Xerox copiers found to rewrite documents without OCR

August 7, 2013

While scanners and photocopiers may not get the brightness or contrast correct, as long as the scan/copy is clearly readable, it is considered identical to the original. When text is converted to an editable form through an OCR process, characters can end up being misidentified such as a '0' being read as an '8', an upper case 'I' coming out as a lowercase 'L' and so on, but can this happen if no OCR takes place?

To the surprise of a German computer scientist, David Kriesel, he noticed that after scanning and printing out a construction plan, several figures were clearly wrong in the print-out.

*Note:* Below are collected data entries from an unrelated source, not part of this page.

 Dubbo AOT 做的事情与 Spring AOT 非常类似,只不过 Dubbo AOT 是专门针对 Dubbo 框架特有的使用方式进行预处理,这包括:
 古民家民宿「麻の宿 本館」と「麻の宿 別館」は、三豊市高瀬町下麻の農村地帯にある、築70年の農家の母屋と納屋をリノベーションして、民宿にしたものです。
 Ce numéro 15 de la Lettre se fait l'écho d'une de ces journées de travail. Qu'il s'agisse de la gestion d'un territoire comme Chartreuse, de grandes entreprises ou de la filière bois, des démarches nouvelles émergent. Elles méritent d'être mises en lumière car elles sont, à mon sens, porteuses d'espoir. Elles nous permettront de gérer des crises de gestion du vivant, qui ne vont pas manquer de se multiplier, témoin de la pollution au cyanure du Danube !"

The tell-tale sign was that a smaller room had larger dimensions printed for than a larger room on the same sheet. While the scanning resolution was low, there was no way that the errors could be caused by the low scanning resolution, as dimensions such as '21.11' came out as '14.13' and these figures were indisputably readable in the scan:

After scanning various documents while making sure OCR was disabled, he was able to replicate the issue on other documents including an invoice, such as where '65,40' came out as '85,40'. In this case, figure '8' was clearly formed, ruling out the likelihood of a pixel shift or dithering. Unsurprisingly, it made him question whether incorrect figures could lead to a company being made liable for legal action and of course whether the company could in turn hold the photocopying company liable.

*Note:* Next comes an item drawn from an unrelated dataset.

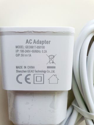 Cargador de corriente para dispositivos con conector mini USB. - Tipo de enchufe: Europeo (EU) y Reino Unido (UK). - Salida 5V. 1A.

Upon closely examining the scanned documents and getting user feedback, it turns out that the issue is caused by the copier's use of the JBIG2 compression algorithm. This compression uses a dictionary based compression, where it tries matching similar patches of pixels in its dictionary against scanned material to reduce the file size of the resulting scan. If a close match is found, it will substitute this patch. Unfortunately, with a low enough resolution, this technique can end up substituting patches that it determines to be similar, but which have very different yet readable digits.

David has since had a conference with Xerox and the problem is indeed the JBIG2 compression algorithm which the copier uses on its 'Normal' quality setting. To work around this problem, the user must use choose 'higher' or 'high' for the scan quality setting, as this results in the copier using a different compression algorithm. The problem affects the Xerox Workcentre 7535 and 7556 and potentially other models also.